After several months of illness and surgery including many hospitalizations I had to put my darling Duckers to sleep last night. I am beside myself with grief and guilt. I cannot bear the pain of her not being with me. She was with me for 14 years and it was the best time of my life.
Last April she was diagnosed with liver cancer and I was forced to make the difficult decision of treatment by means of a very dangerous surgery or euthanasia. I decided to go for the surgery and thankfully she made it through although it was very close. She began to recover only to get sick with a terrible urinary tract infection. This made her recovery so much harder. We tried every antibiotic to no avail and after months of treatment we chose a rare antibiotic that was our last hope. Unfortunately, after throughout the treatment Duckers health appeared to be declining. She rarely ate and needed to be coaxed to her food. I cooked for her and did everything to make her comfortable and healthy. She just got worse and eventually went into kidney failure. I rushed her in to the vet again and she was hospitalized for three days. With some signs of recovery I was able to take her home. For the next week, however, she ate less and less and got weaker and weaker. I tried everything again to no avail. She finally got so sick and weak that I had no choice but to help her from her suffering.

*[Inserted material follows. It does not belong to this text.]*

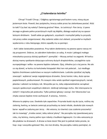 „Z kalendarza leśnika” Chrup! Trzask! Chrup..! Odgłosy zgniatanego pod butem runa, niosą się po jesiennym lesie. Powoli, bez pośpiechu, kroczy sobie przez las zielonkawa postać. Któż to taki? Czy bać się należy? Zwierzę groźne? Niee.. to Leśniczy!- Pan Jerzy. U pana Jerzego w głowie pełno przeróżnych myśli się kłębiło, dlatego wybrał się na spacer leśnymi dróżkami. Szedł sobie po gałęziach, szyszkach i rozmyślał jakby tu przyszły rok pracy sobie zorganizować. Aby zadanie sobie ciut ułatwić, przywołał w myślach wydarzenia z roku bieżącego, które zapadły mu w pamięci. - Ach! Jakie świeżutkie powietrze. Przy takim dotlenieniu na pewno sporo rzeczy mi się przypomni. Dobrze, że zabrałem kalendarz ze sobą. A może i jakiegoś małego mieszkańca puszczy dzisiaj spotkam?- pomyślał. – Muszę zerkać na zegarek. W końcu dzisiaj mamy spotkanie dotyczące ochrony dużych drapieżników, szczególnie rysia europejskiego i wilka- na pewno będzie ciekawie. Ojoj, chłodno już o tej porze. No ale co się dziwić, w końcu to końcówka listopada! Ależ ten rok poleciał... Już niedługo będzie choinkowe szaleństwo w naszym nadleśnictwie. Ludziska zjeżdżać się będą zewsząd i wybierać swoje najpiękniejsza drzewko. Zaraz koniec roku, dużo spraw papierkowych, podsumowań. Po nowym roku wiele spotkań organizacyjnych, narad, planów i założeń na kolejny rok. Wszystko po to, żeby odpowiedzialnie zarządzać naszym społecznym wspólnym dobrem- dotknął zielonego mchu- Ale intensywna ta zieleń! I mięciutka jak poduszka. Tylko położyć głowę i zasnąć. Oo! Sikoreczka! Las chyba zawsze będzie mnie zachwycał. A wiosną.. hmmm.. Wiosna to piękny czas. Dookoła tyle zapachów. Przyroda budzi się do życia, rośliny się zielenią, kwitną, w świecie zwierząt przychodzą na świat młode, dookoła tyle nowych barw- wpadł w zadumę pan Jerzy. - Ale wiosna, to również czas szalenie pracowity! Jak to mawiają” „trzeba zasiać, żeby zebrać plony”. Na początku tej zjawiskowej pory roku, my leśnicy, mamy pełne ręce roboty z budkami lęgowymi. Co roku wieszamy je dla ptaków na drzewach. A drzew w lesie dużo! Nie jest to jednak takie proste, że hop- siup i wszystko gotowe! Nie, nie moi drodzy. Na początku należy pamiętać, że budki mają być powieszone na odpowiedniej wysokości pnia drzewa. Koniecznie w miejscu zacienionym. Budka lęgowa musi być odwrócona otworem wejściowym w kierunku północno- wschodnim lub północnym. A po co? Żeby uniknąć wpływu wiatru, deszczu i przegrzania. Jak już te warunki zostaną spełnione, należy tylko czekać i mieć nadzieję, że wszystkie budki zostaną zasiedlone już w najbliższym okresie lęgowym. W tamtym roku było z tym wesoło. Przyjechały do nas dzieciaki z pobliskiej szkoły i pomagały nam w tym przedsięwzięciu. Dzieci- jak to dzieci, ich śmiech niósł się po całym lesie. Była nauka, była zabawa, dzieci odjechały zadowolone. Oho, a propos dzieci. Przypomniał mi się kwiecień. Młodzież pomagała nam wtedy sadzić nowe pokolenie lasu, a mianowicie, sosnę. Nasi młodzi sadownicy dowiedzieli się przy okazji wielu ciekawych rzeczy na temat drzew, ich życia, ich wpływie na środowisko i teraz zapewne, jak każdy leśnik już wiedzą, że nie wystarczy tylko „wsadzić drzewka zielonym do góry”. Fajnie było. W tym roku trzeba to powtórzyć. W kalendarzu już zanotowane! Po kwietniu oczywiście nadchodzi pachnący świeżością maj. Wtedy to gościnnie u nas, że ho ho! Gościmy studentów, czyli przyszłych leśników. Zapoznajemy ich ze specyfiką Nadleśnictwa oraz tematem zagospodarowania terenów. Ważna sprawa, ponieważ zajmujemy się terenem pohuraganowym. Niejeden mieszkaniec naszych mazurskich terenów pamięta ogrom zniszczeń jakie spowodowała trąba powietrzna z 2002 roku. Wyrywało słabo zakorzenione drzewa, zrywało dachy i niejeden dom uległ znacznemu zniszczeniu. Dwunastka w skali Beauforta ! Aż przykro było na to patrzeć. Jednak nie wszystko było zbierane, naprawiane. Na tych terenach powstało przedsięwzięcie naukowo-badawcze, które umożliwia obserwację naturalnej sukcesji lasu w warunkach poklęskowych. Obszar ten pozostał nietknięty od dnia wichury, jest także wyłączony z pozyskiwania drewna. Minęło już sporo lat od tej daty… pamiętam ile było emocji, pracy.. No więc maj! Studenci leśnicy, w głowie i kalendarzuodnotowane! Oho, przypomniała mi się jeszcze jedna rzecz. Przecież w maju wyjeżdżamy z chłopakami na Zawody Strzeleckie Leśników do Czerwonego Boru! Teraz to już chyba będzie XV edycja. Tam to zawsze humory nam dopisują. Możemy się sprawdzić, porywalizować ze sobą, spotkać kolegów z innych leśniczówek- lubię ten czas. Do wydarzenia jeszcze trochę miesięcy zostało, ale na pewno się zgłoszę. No i 31 maj. Dzień Bociana Białego. Bociek biały to dopiero ptaszysko- przynosi wiosnę, dzieci i szczęście! Tego dnia zazwyczaj uczestniczymy w jakiejś imprezie organizowanej przez jakieś miasto czy muzeum. Podczas obchodów bierzemy udział w organizacji gier, zabaw, konkursów. Muzyczno- kulturalną otoczkę tworzą występy ludowe, a my urządzamy sobie z dziećmi pogadanki o zwierzakach i roślinach. No i małymi kroczkami zakrada się lato. Wspaniały, słoneczny czas. Ale to nie oznacza, że myślimy tylko o urlopach! Zazwyczaj lipiec jest bardzo ciepłym miesiącem. Panuje wtedy wysoki stopień zagrożenia pożarowego w lasach. Upalne temperatury, a do tego brak opadów, powodują, że ściółka jest sucha jak pieprz! Co wtedy robimy? Na wszelkie sposoby przypominamy ludziom, że nie wolno używać otwartego ognia w lesie ani bliżej niż 100m od ściany lasu. Natomiast ogniska i grille można urządzać, ale tylko w przeznaczonych do tego i oznaczonych miejscach. W czasie zagrożenia pożarowego nie wjeżdżamy do lasu pojazdami silnikowymi. Od rozgrzane

So last night was the night and I am heartbroken and empty. I cannot believe she is gone and I just wish she was here with me but healthy. I hope I did not do anything to prolong her suffering but I can't help but think I did. Not only that but it was so difficult to let her go because she just looked at me as if she didn't want to leave. I hope I made the right decision for her and I pray she is feeling young again and knows that I will be with her again. I can't bear the thought of not seeing her again and I can't bear the pain of her not being with me.